The Neurobiology of Driving

Understanding the Brain: The Neurobiology of Everyday Life

Final Project

By KC Ruano

How much does our brain have to work when we go out for a drive?

For those with even few years of experience, driving can seem like a mindless activity; something we do on a daily basis without much effort.

It’s so easy, some people can even hold a conversation and listen to music while they’re at it (some even dare take out their phones to text!).

So really, how much activity could we find in our brain if we could take an fMRI machine with us to have it scanned while we go out for a ride?

Parts of the Nervous System that are Active During Driving• The Eye and Visual Cortex

The eye and its millions of photosensitive nerve cells create the electric impulses that the brain will take to create the visual images that we see when we are at the wheel, such as the road, the traffic lights, and the rest of the cars.

These signals travel through the optic nerve, which is part of the central nervous system, through the optic chiasm, thalamus, and into the visual cortices of the occipital lobes at the back of the brain. This process is what we know as perception.

It is in the different areas of the occipital lobe in which the most complex part of this process takes place, for it is where the information in the electric signals is decoded in order to build the images as we know them, with a specific orientation, shape, color, and depth. It is also thanks to the occipital lobe that we can know if another car, for example, is moving and in which direction.

Areas of the Visual Cortex

Area Function

V1 Register visual stimuli

V2 Transmit information

V3 Detect orientation and angles

V4 Combine movement and direction

V5 Distinguish color

V6 Claculate depth

• The Peripheral Nervous System and Primary Motor Cortex

Through this vast network made up of 12 pairs of cranial nerves and 31 pairs of spinal nerves, the brain can send to the rest of the body electrical impulses containing information that tells it what to do. For example, hitting the break pedal when the traffic light is red.

Every action that involves movement activates the primary motor cortex, which sends signals to the muscles through the spinal chord and motor neurons in order for them to contract.

But hold on a minute, how does the brain even know what to do once it gets the information? How does it know it has to push the break once it has seen the traffic light go red? Well, actually, there are 2 ways in which the brain can decide how to act when it comes to movement: through conscious planning, or unconscious planning (otherwise known as reflex).

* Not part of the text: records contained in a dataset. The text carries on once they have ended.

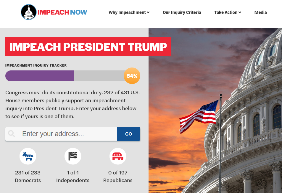 • Online — We launched a website ImpeachmentInquiry.org to track representatives’ positions on the impeachment inquiry and connect our members with their Congress member.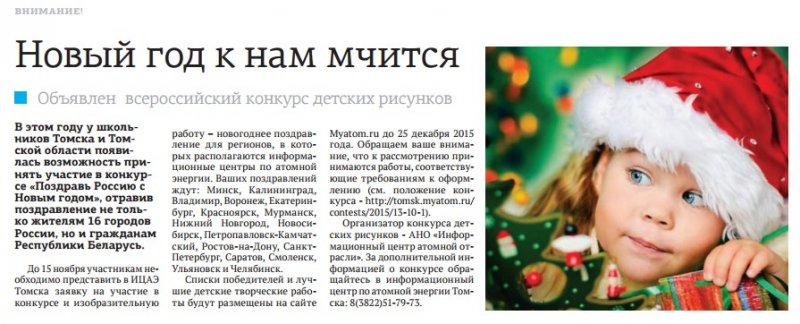 До 15 ноября участникам необходимо представить в ИЦАЭ Томска заявку на участие в конкурсе и изобразительную работу — новогоднее поздравление для регионов, в которых располагаются информационные центры по атомной энергии. Ваших поздравлений ждут: Минск, Калининград, Владимир, Воронеж, Екатеринбург, Красноярск, Мурманск, Нижний Новгород, Новосибирск, Петропавловск-Камчатский, Ростов-на-Дону, Санкт- Петербург, Саратов, Смоленск, Ульяновск и Челябинск.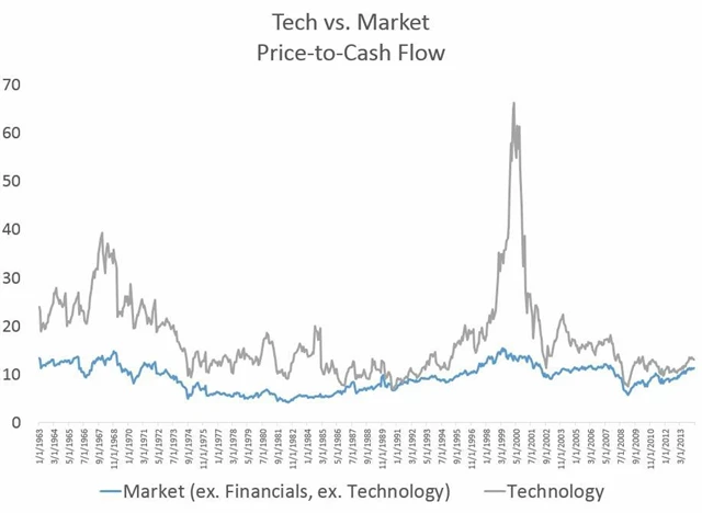 Podívejme se na technologické akcie s pomocí ukazatele poměru ceny a cash flow (P/CF). Graf ukazuje vývoj tohoto ukazatele u technologických akcií a u zbytku trhu (všechny netechnologické a nefinanční akcie).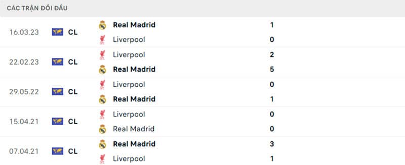 Thành tích đối đầu Liverpool vs Real Madrid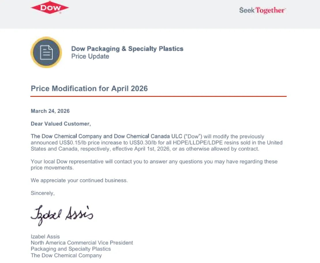 陶氏三月份 0.10 美元/磅的聚乙烯提价,已被四月份 0.30 美元/磅的提价所跟进(是此前宣布的 0.15 美元预期的两倍)。
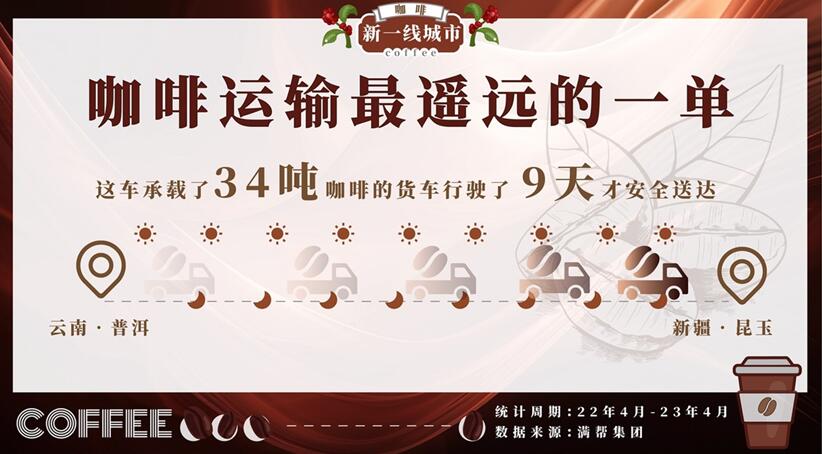 遙か遠(yuǎn)い距離も、雲(yún)南コーヒーに対する消費(fèi)者の愛(ài)を冷ますことはない。満幇の貨物輸送受注データを見(jiàn)ると、最も遠(yuǎn)距離のコーヒー輸送は雲(yún)南省普洱市から新疆維吾爾(ウイグル)自治區(qū)昆玉市へのもので、はるばる7000キロメートル以上に達(dá)したという。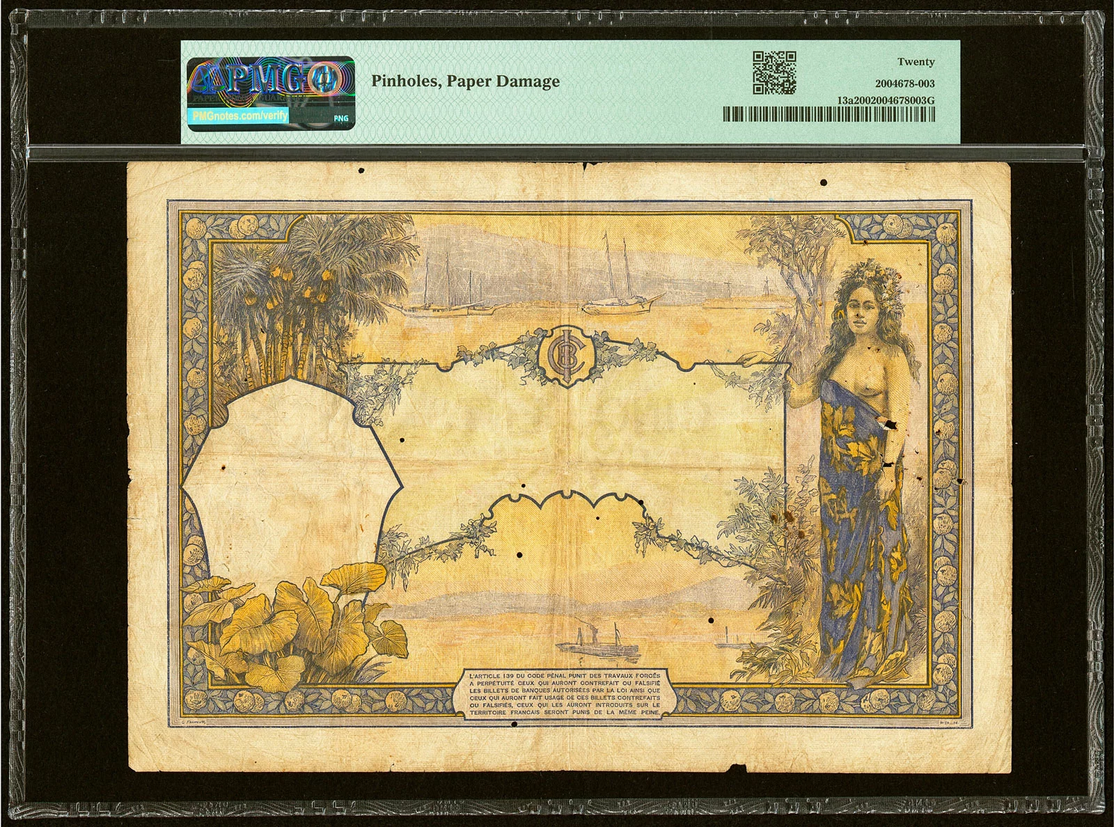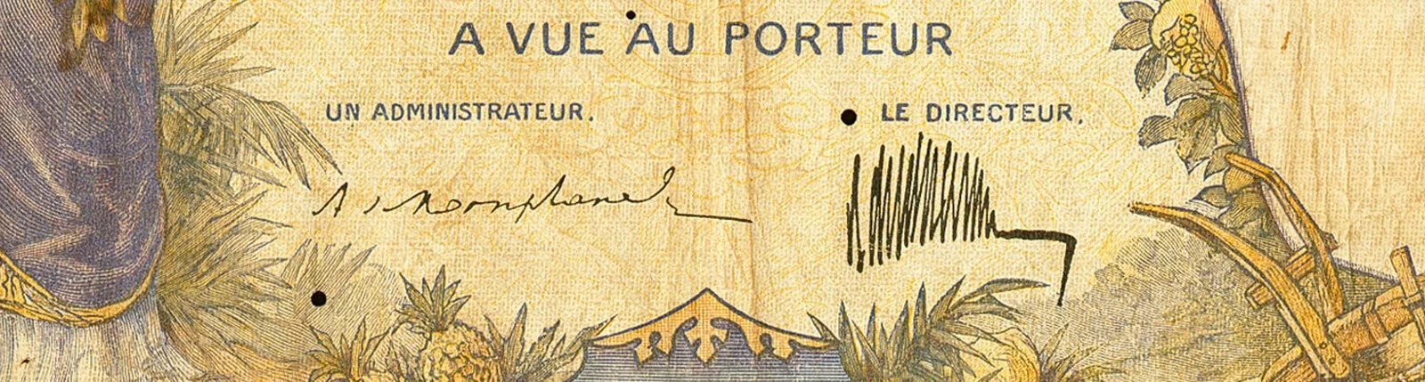 Cet exemplaire, gradé PMG 20, a réalisé le prix de 8400$ (frais inclus) ; une somme qui pourrait paraître très conséquente pour un billet de Tahiti en TTB. Cependant, il s’agit seulement du 3e exemplaire retrouvé pour cette variante avec la combinaison de deux signatures imprimées (Un Administrateur, Albert de Montplanet et Le Directeur, René Thion de la Chaume) :

When an act of movement is consciously planned it takes place in the frontal areas of the brain – the premotor, supplementary, and prefrontal cortices – which are in charge of complex or executive functions such as strategic thinking and decision making.

On the other hand, many actions are completed without notice. Many of these type of actions are known as reflexes, such as blinking, breathing, swallowing, etc., which are regulated by the autonomic nervous system.

However, many other of these actions that we are able to perform unconsciously are far more complex than that. In fact, they even start out as conscious actions when we first learn how to do them, but through practice and repetition we are able to get better at them until they come out naturally.

These are known as automatisms, actions planned and processed by the parietal lobe and cerebellum without the need to involve the frontal lobes. Some examples would be getting dressed, brushing our teeth, eating, writing, and well, yes, of course – driving (which is why we are able to pay attention to many other things while we are at the wheel).

When something goes wrong

So now that we know which parts of the brain and nervous system are most involved while driving, we can list a few examples common medical conditions that can greatly diminish our ability to go behind the wheel, including visual impairment or motor disorders:

• Alcoholism/Drug Abuse

• Epilepsy/Seizures

• Macular Degeneration (both eyes)

• Motor Neuron Disease

• Narcolepsy

• Parkinson’s Disease

Ways in which this course has allowed me to better analyze the events and phenomena around me

• As a psychology student, this course has allowed me to have a better and deeper understanding of the inner workings of the mind which regulate behavior, emotions, and all the traits characteristic of not just human beings but all living organisms advanced enough to have a nervous system.

• As an ordinary person, this course has provided a window – or more like a microscope – into the one thing that allows us human beings to live and exist and communicate and learn, which we often take for granted. Learning about neurobiology is like cracking up the HTML code that makes up our favorite websites which we browse without giving a second thought about what makes it possible to be there or how it works.

• From something simple like reaching out to grab a cup of coffee to something not quite so simple – like driving, this course has taught me that neurobiology is everywhere and always, in each and every activity we perform and even when we are doing absolutely nothing. Our brain and nervous system is always there and always busy in our every day life.

Thank you, Profesor Mason.It’s been a fantastic course.